Has anyone used Eco Complete and if so how did you get on with it?

Thanks


----------



## ceg4048 (31 May 2008)

Hi,
    Well, as in so many cases there is often some truth wrapped in some degree of hyperbole. In fact any nutritious substrate will do the job. There are many tanks out there that use other products and do just as well or better. While many people rave they often compare their current success using AS with previous attempts using some other substrate. What many fail to realize is that their _skill _at plant growing prior to using AS may not have been as advanced as it is now, so they have excellent plant growth now and attribute all their success to the AS. Very few have actually done side by side testing, using their current skills and knowledge, to determine just how much difference AS makes.

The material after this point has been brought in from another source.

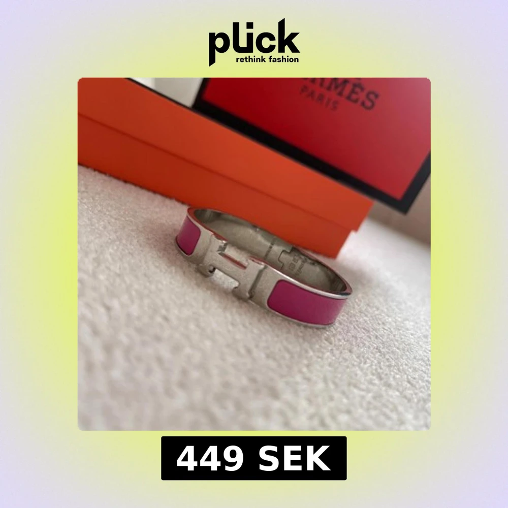 Säljer ett ikoniskt armband i silverfärgad metall med rosa emaljdetaljer. Armbandet har den klassiska formade låset och en stilren, modern design. Perfekt för dig som vill ha en färgklick på handleden och älskar lyxiga accessoarer.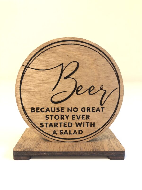 Get a load of our hilarious rustic 3-inch bottle opener proudly proclaiming “Beer, because no great story ever started with a Salad.” Crafted from birchwood with love right here in sunny South Florida, it’s the ultimate must-have for any shindig.

Having said all that though AS is a better product than the rest in large part to the fact that it is a clay product which has been soaked in nutrients and organic matter (like peat perhaps) and then kiln baked. The clay holds a large amount of nutrients for a longer time than most other materials. Clay is also a particularly good material for plant roots because of it's electrochemical properties which facilitates transfer of metals and nutrient compounds to the root hairs. This property is called Cation Exchange Capacity (CEC). In addition to the nutrient store and material advantage, the grain size allows water to circulate between the granules. 

So this is a good combination, but there are other high CEC and/or high nutrient products, but AS executes this combination better than most, is attractive, and is easy on the hands when planting. In a highly lit tank. It is not the be-all and end-all though, but merely part of a system. Look at this thread by JamesC using a modified inert substrate called Akadama while growing a difficult plants known as UG=> viewtopic.php?f=3&t=749

Many people, including those using AS have been unable to grow this plant very well, yet James has been able to grow it using nothing more than a Bonsai substrate. Clearly therefore, there are a variety of factors involved in growing plants than just what substrate is used so it's best not to go over the top. AS is an excellent product with clear advantages and so is the substrate of choice, but if you uses something else that won't be the end of the world either.  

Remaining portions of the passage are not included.